Posted by: MaryClaire at February 14, 2003 06:24 AM


what exactly is a Nestorian priest. WHere they not Christian?

Posted by: Stephen at March 22, 2003 05:42 PM


Yup

The Eastern/Oriental Orthodox churches have imo as much right as the Byzantine Orthodox churches to cal themselves orthodox. They are some of the oldest Christian churches.

Oriental orthodox churches:

(Jakobite) Syriac Orthodox Church of Antioch
Coptic Orthodox Church (of Alexandria)
Armenian Apostolic (Orthodox) Church
Malankara Orthodox (Syrian) Church
Ethopian Orthodox Church
Eritrean Orthodox Church

The situation is esepcially very messy and complicated in India (Malankara Church), the comunity is divided among as many as 10 main churches. It used to be a part of the (Assyrian) Church of the East. When the Portugese arrived, they more or less forced Latin rite and communion with Rome on them. Some didn't like that and they split, with the help of the Syriac Orthodox church. Some later split away from that group again to form the independant Malankara Syrian Orthodox Church.
The Eritrean Orthodox Church was created in the 90's when Eritrea became independant.

There excist also Greek-Orthodox churches of Alexandria and Antiochia, these are the parts of the churches that accepted the council of Chalkedonia.

Posted by: Thomas at March 25, 2003 01:32 PM


Yup

The Eastern/Oriental Orthodox churches have imo as much right as the Byzantine Orthodox churches to cal themselves orthodox. They are some of the oldest Christian churches.

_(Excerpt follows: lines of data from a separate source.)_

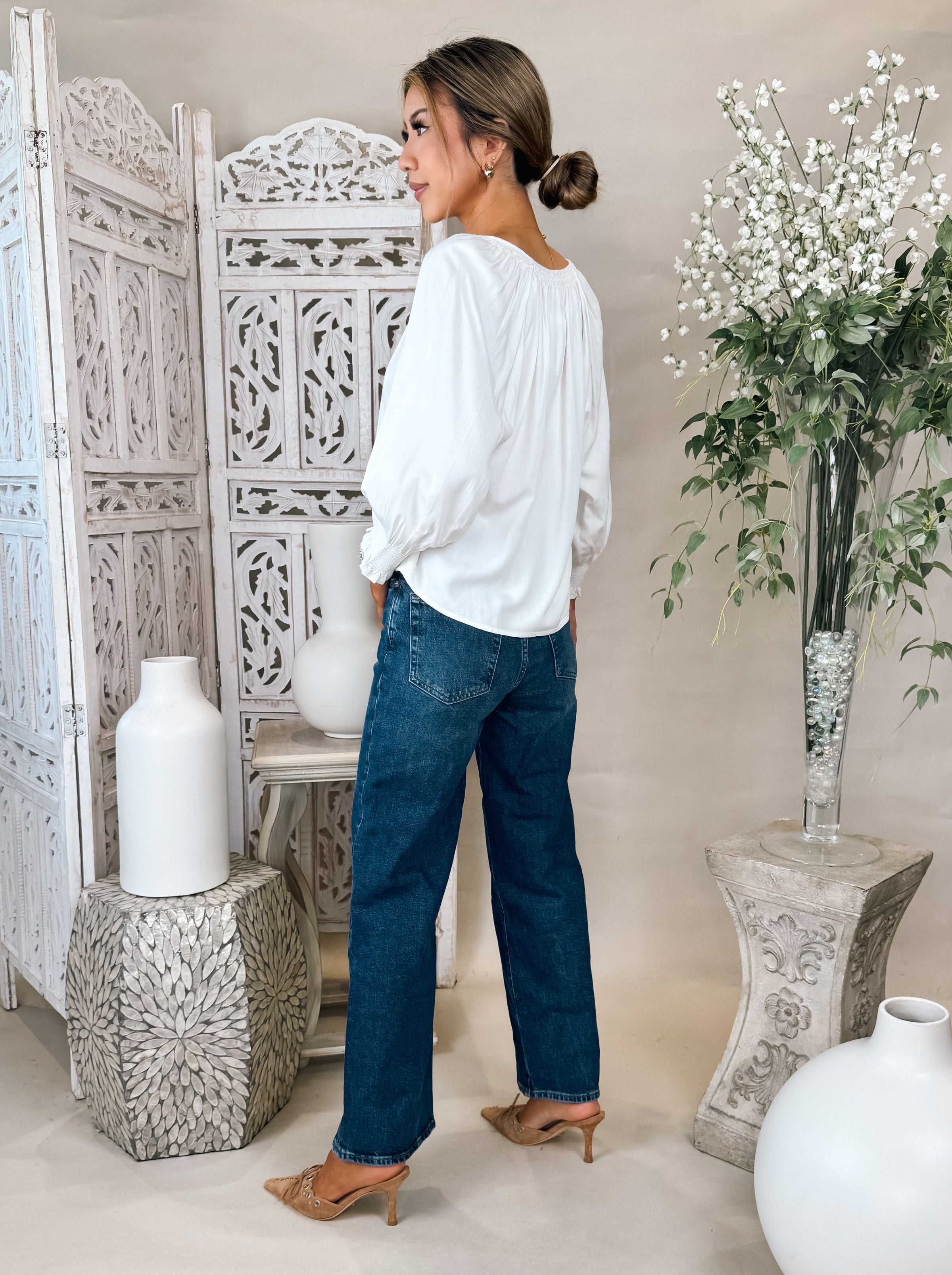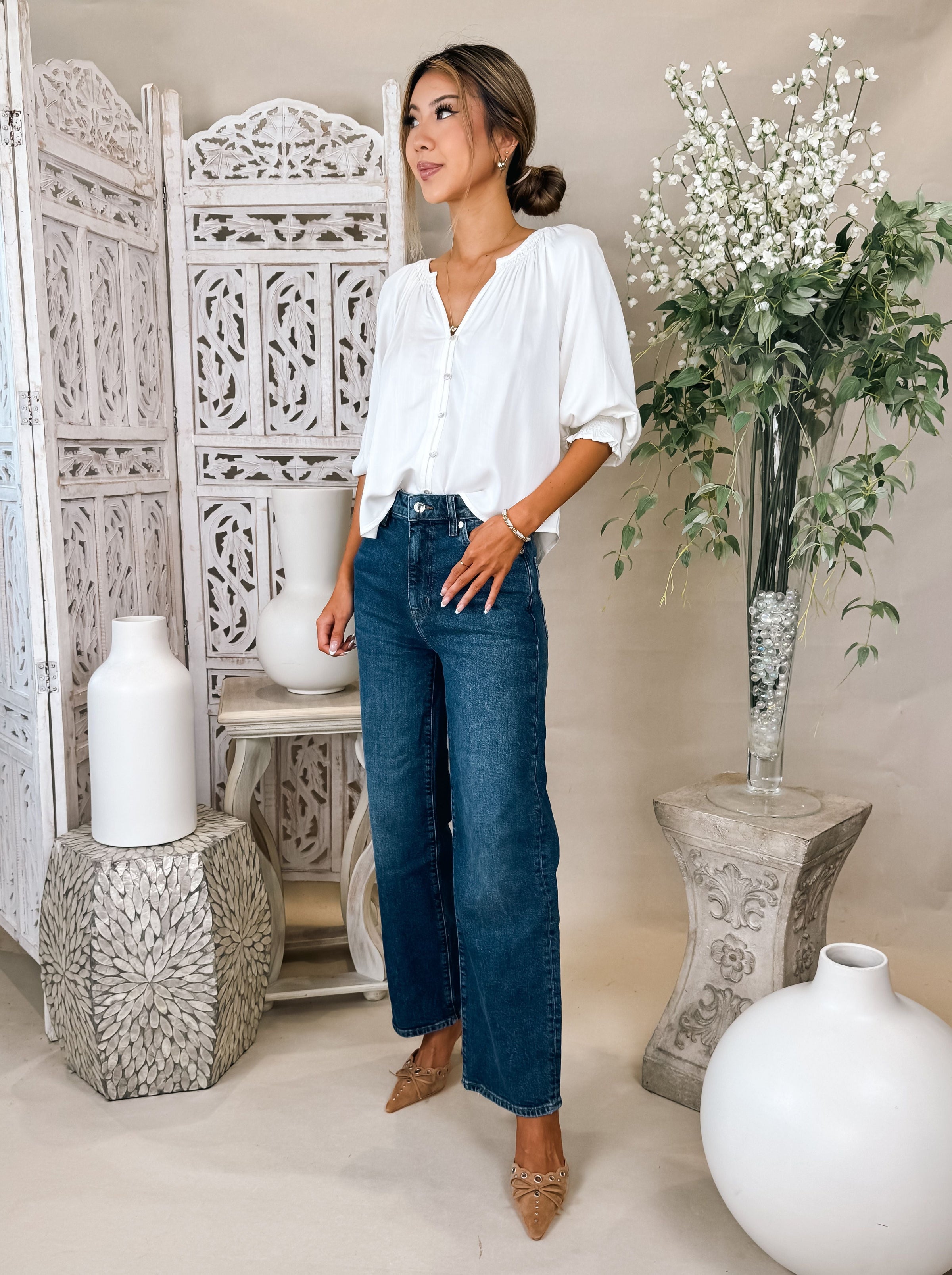 An ultra-soft Tencel denim blouse designed to keep you comforable. The Mariah has peplum, three-quarter sleeves with shirred cuffs, a roomy fit and natural shell buttons.
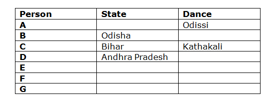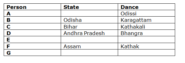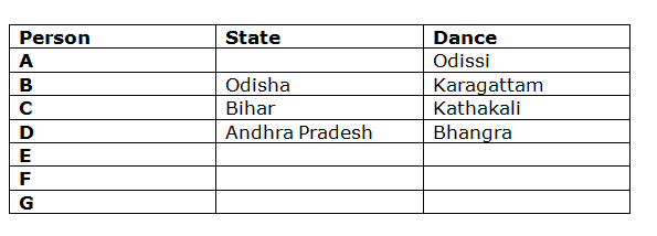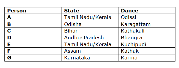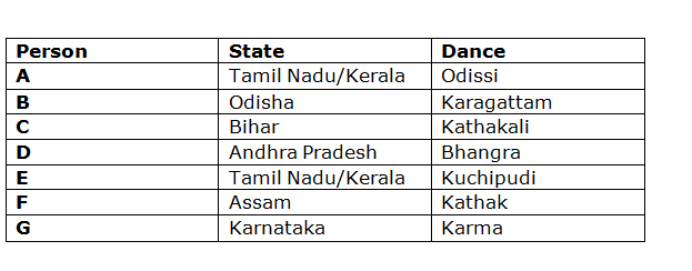 सात व्यक्ति – A, B, C, D, E, F और G सात अलग-अलग राज्यों अर्थात् तमिलनाडु, बिहार, केरल, आंध्र प्रदेश, कर्नाटक, उड़ीसा और असम से संबंधित हैं, लेकिन जरूरी नहीं उसी क्रम में। उनमें से प्रत्येक अलग-अलग राज्य नृत्य करगट्टम, कथक, कुचीपुडी, भांगड़ा, कथकली, कर्मा और ओडिसी पसंद करते है, लेकिन जरूरी नहीं उसी क्रम में।
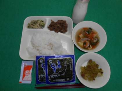内容は、手巻きご飯、(牛肉の甘辛煮、ツナソテー)、すまし汁、和なしのまっ茶クランブルです。
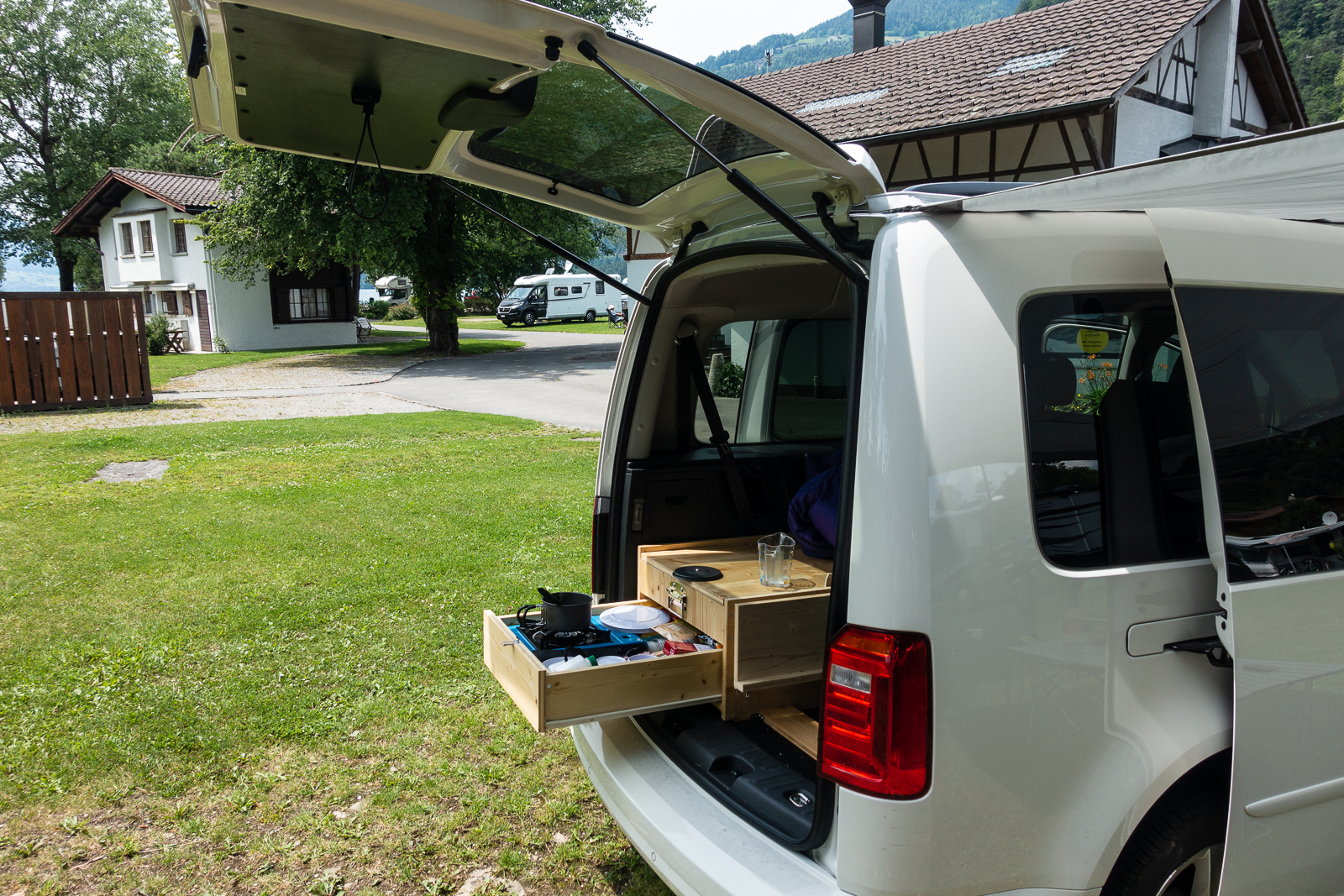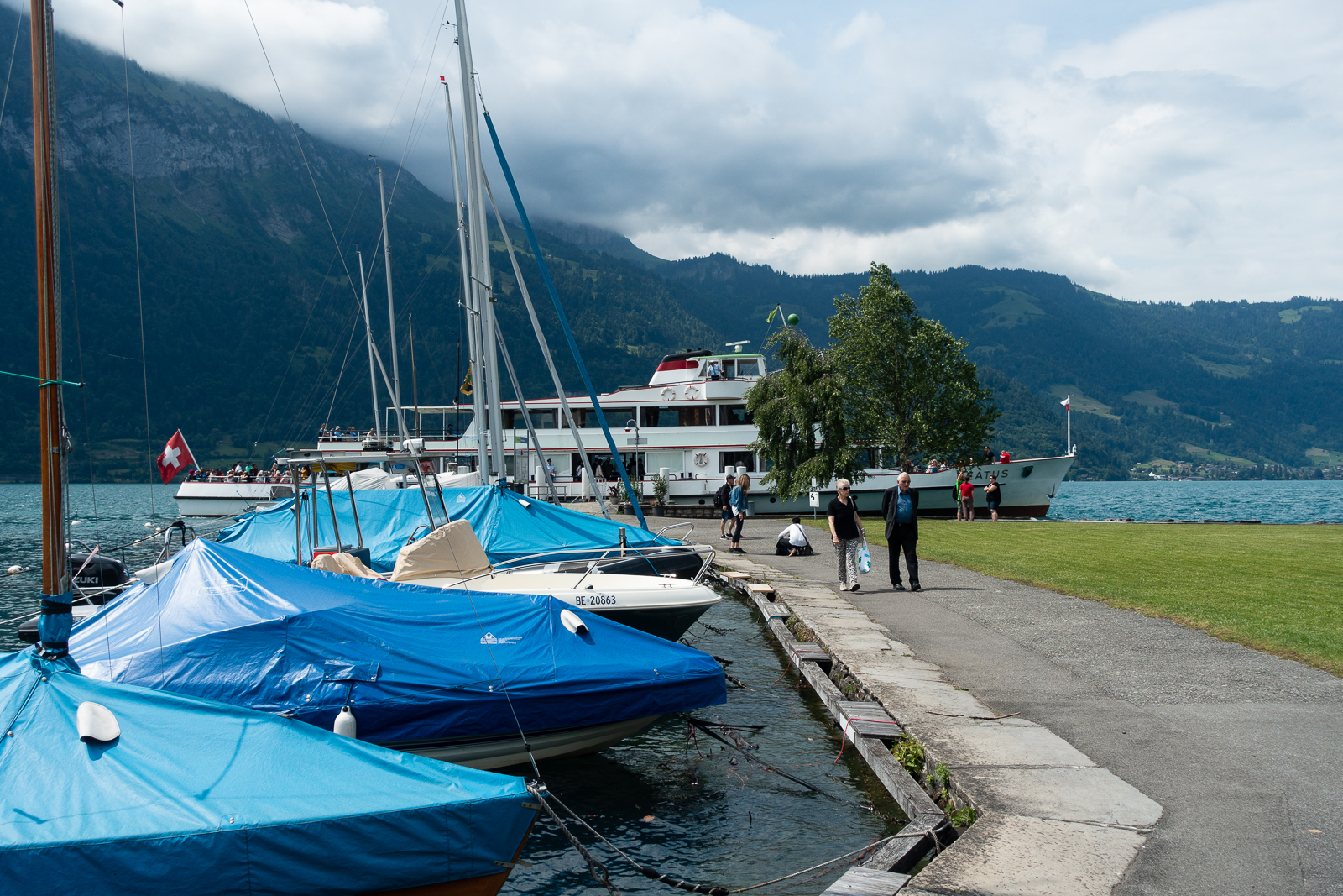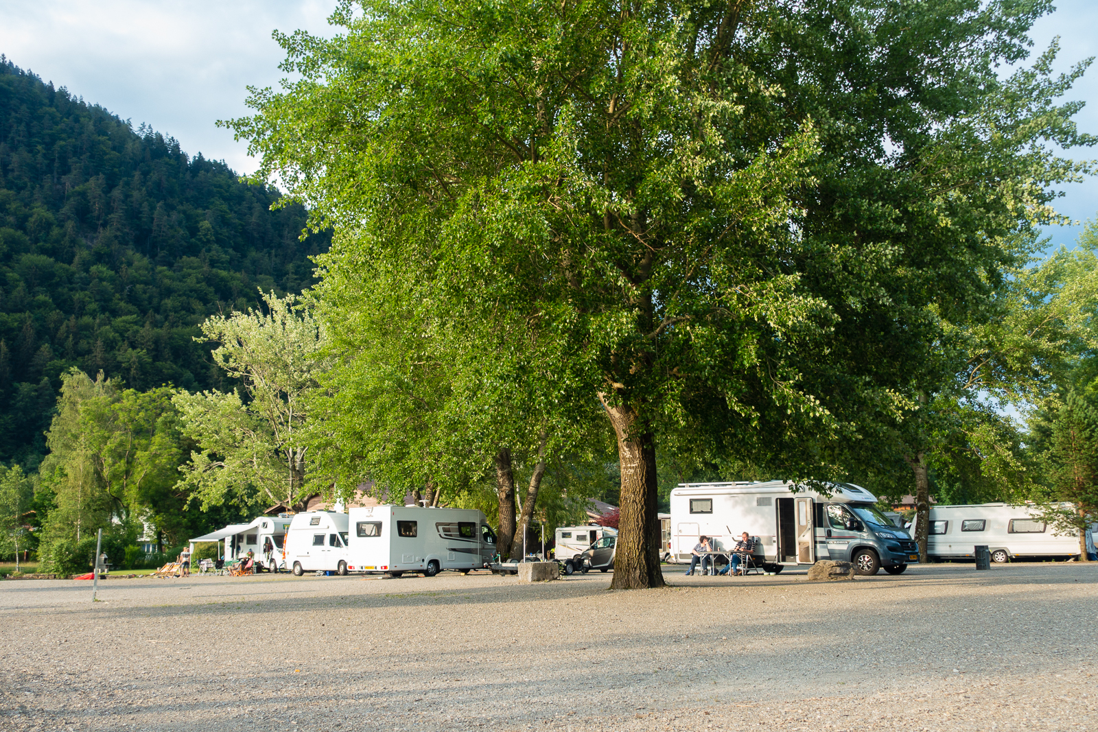 Nachdem meine Wunschdestination - Thun - ausgebucht war, fuhr ich alternativ nach Unterseen. Diesmal war ich in der Manor Farm zu Gast. Eine grosszügig angelegte Anlage mit verschiedenen Platzangeboten. Abhängig davon ist auch der Preis. So kostet ein Standplatz an guter, ruhiger Lage so um die vierundzwanzig Franken. Dagegen ist dann ein Platz direkt am See etwa zehn Franken teurer. Auch die sanitären Anlagen sind in sehr gutem Zustand. Leider gibt es keine Camping Beiz, nur ein gediegenes Restaurant gehört zur Anlage.

Oriental orthodox churches:

(Jakobite) Syriac Orthodox Church of Antioch
Coptic Orthodox Church (of Alexandria)
Armenian Apostolic (Orthodox) Church
Malankara Orthodox (Syrian) Church
Ethopian Orthodox Church
Eritrean Orthodox Church

The situation is esepcially very messy and complicated in India (Malankara Church), the comunity is divided among as many as 10 main churches. It used to be a part of the (Assyrian) Church of the East. When the Portugese arrived, they more or less forced Latin rite and communion with Rome on them. Some didn't like that and they split, with the help of the Syriac Orthodox church. Some later split away from that group again to form the independant Malankara Syrian Orthodox Church.
The Eritrean Orthodox Church was created in the 90's when Eritrea became independant.

There excist also Greek-Orthodox churches of Alexandria and Antiochia, these are the parts of the churches that accepted the council of Chalkedonia.